寺内正毅は、嘉永5年(1852)閏2月5日生まれ、長州藩の下級武士・宇多田正輔・猛子の三男として、現・山口県山口市平井で生まれます。のちに母方の寺内勘右衛門の養嗣子になります。実家の宇多田家は皆様もご存知でしょうか、あの歌姫・宇多田ヒカルは「曾姪孫」に当たります。明治・大正時代の軍人・元帥・朝鮮総督・第18代総理大臣になられた方です。長州藩は高杉晋作が文久3年(1863)藩主に進言し、身分に関わらず人材を集める奇兵隊を編成します。後に軍閥の師に当たります、山縣有朋ともここで出会います。

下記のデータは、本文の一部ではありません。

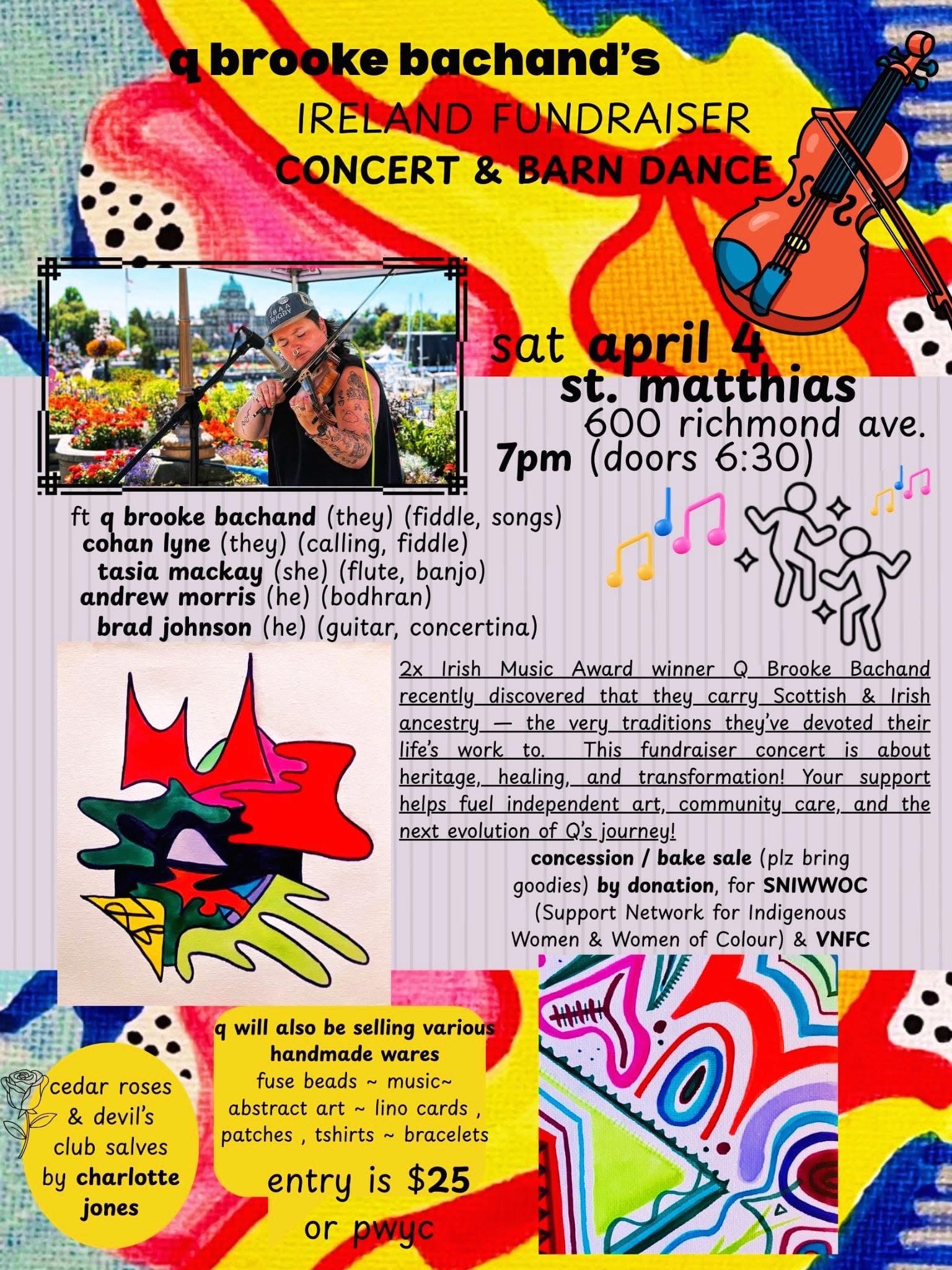 We hope you’ll join us for a wonderful evening of music and dance! The evening will start with a short concert featuring Q Brooke Bachand who will be presenting repertoire from their upcoming album “Seeds of Discontent”. Non-binary west-coast artist ‘Q’ , has been celebrated in the Canadian and International Celtic music scene as one half of the award-winning powerhouse duo Qristina & Quinn Bachand. Recognized for their powerful fiddle, captivating vocals and infectious energy, their love of Folk and Celtic music has always been at the forefront as they captivate audiences with spirited performances that showcase their fiddle & vocal talents, along with their passion for folk songs and storytelling.

長州藩は諸隊を編成します、八幡隊・膺懲隊(ようちょう)・集義隊・遊撃隊・御楯隊・鴻城隊・南園隊・奇兵隊・第2奇兵隊・荻野隊が隊の編成でした。慶応元年(1865)に10隊1500名の組織になっていました。大楽源太郎(漢学者)の私塾「敬神堂」で学び、御楯隊隊士となり、慶応2年(1866)14歳の時に四境戦争(第2次長州征討)に参加。2年後16歳で戊辰戦争に従軍し、箱館(函館)五稜郭まで転戦、その戦いのたびに山田顕義や大村益次郎に認められ、京都の河東操練所に入り、フランス式歩兵術の訓練を受けます。寺内は14歳から多感な時期に陸軍へ従軍し、最激戦となった田原坂の戦いで負傷。右腕の自由を失い、彼だけは敬礼の時に「左敬礼」を許され、この時の怪我から戦場には出られず戦功を立てられないのに元帥まで進んだのは凄いことです。では次回。写真は遠目からとさせて下さい。(敬称略)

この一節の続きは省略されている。